The fitted curve adequately describes the relationship between both variables. Moreover, every term of the polynomial seem to have a significant effect, that is, all of them seem necessary to appropriately describe the variation of mpg as a function of horse.std.

Fitting a Bayesian quadratic regression model

Let us now fit the Bayesian version of the above model. We will use, for convenience, Jeffreys’ prior for P(β, σ2) ∝ σ−2. Therefore, we have: π(σ2 ∣ 𝒟) ∼ IG(σ2 ∣ (n − (p + 1))/2, se2/2)

plot(seq(13, 25, by = 0.1), 
     dinvgamma(seq(13, 25, by = 0.1), (nrow(Auto)-3)/2,sum(residuals(Fit1)^2)/2), 
     type = "l", ylab = "Posterior density", xlab = "sigma2")

This distribution yields a posterior mean of (se2/2)/((n − (p + 1))/2 − 1) and a mode of (se2/2)/((n − (p + 1))/2 + 1), that is:

# posterior mean
sum(residuals(Fit1)^2)/2/((nrow(Auto)-3)/2-1)
## [1] 19.23005
# posterior mode
sum(residuals(Fit1)^2)/2/((nrow(Auto)-3)/2+1)
## [1] 19.03332
# Frequentist point estimate of sigma2
sum(Fit1$residuals^2)/(nrow(Auto)-3)
## [1] 19.13118

The Bayesian posterior point estimates are quite close to the frequentist estimate, although the posterior distribution of σ2 allows to explore also the uncertainty of this parameter.
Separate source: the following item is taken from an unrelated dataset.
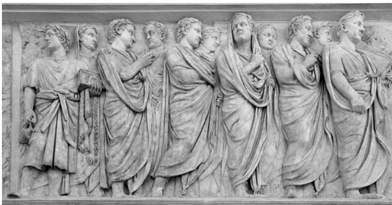
Figura 4: Relieve del Ara Pacis Augustae.

El monumento se convierte así en el escaparate de la moda romana del momento, una moda que implica una uniformidad que en otros momentos de la historia se ha vuelto a producir, por ejemplo, en la imposición de los uniformes en la China de Mao; en esa ocasión, por el contrario, con consecuencias nefastas para la estética de todo un pueblo. La uniformidad se convierte sin duda en una marca estética importante en toda imposición política y en el necesario reconocimiento del grupo.

As mentioned in the theoretical session, β has the following marginal posterior distribution: $$\pi(\boldsymbol{\beta}\mid \boldsymbol{y})\sim t_{n-(p+1)}(\hat{\boldsymbol{\beta}},s_e^2(\boldsymbol{X}'\boldsymbol{X})^{-1}/(n-(p+1)))$$ The mean of this distribution coincides with the coefficients of the linear model Fit1, and has as variance-covariance matrix:

X <- cbind(rep(1, dim(Auto)[1]), Auto$horse.std, Auto$horse.std^2)
VarCov <- solve(t(X)%*%X)*sum(residuals(Fit1)^2)/(nrow(Auto)-3)
VarCov
##             [,1]        [,2]        [,3]
## [1,]  0.08134909  0.03529659 -0.03262829
## [2,]  0.03529659  0.08720960 -0.03538686
## [3,] -0.03262829 -0.03538686  0.03271174
# Correlation between coefficients
cov2cor(VarCov)
##            [,1]       [,2]       [,3]
## [1,]  1.0000000  0.4190581 -0.6325082
## [2,]  0.4190581  1.0000000 -0.6625338
## [3,] -0.6325082 -0.6625338  1.0000000

Moreover, we can also plot the bivariate distribution for each pair of coefficients, for example, the joint posterior distribution for the intercept and the linear term:

# Joint posterior distribution of the coefficients for the intercept and the 
# linear term
xlims <- c(Fit1$coefficients[1]-3*sqrt(VarCov[1,1]),
            Fit1$coefficients[1]+3*sqrt(VarCov[1,1]))
ylims <- c(Fit1$coefficients[2]-3*sqrt(VarCov[2,2]),
            Fit1$coefficients[2]+3*sqrt(VarCov[2,2]))
gridPoints <- expand.grid(seq(xlims[1],xlims[2],by=0.01),
                        seq(ylims[1],ylims[2],by=0.01))
resul <- matrix(dmvt(as.matrix(gridPoints), mu = Fit1$coefficients[1:2],
                     S = round(VarCov[1:2,1:2],5), df = nrow(Auto)-3),
                nrow = length(seq(xlims[1], xlims[2], by = 0.01)))
image(x = seq(xlims[1], xlims[2], by = 0.01), y = seq(ylims[1], ylims[2], by = 0.01), 
      z = resul, xlab = "Intercept", ylab = "beta, linear term", 
      main = "Bivariate posterior density")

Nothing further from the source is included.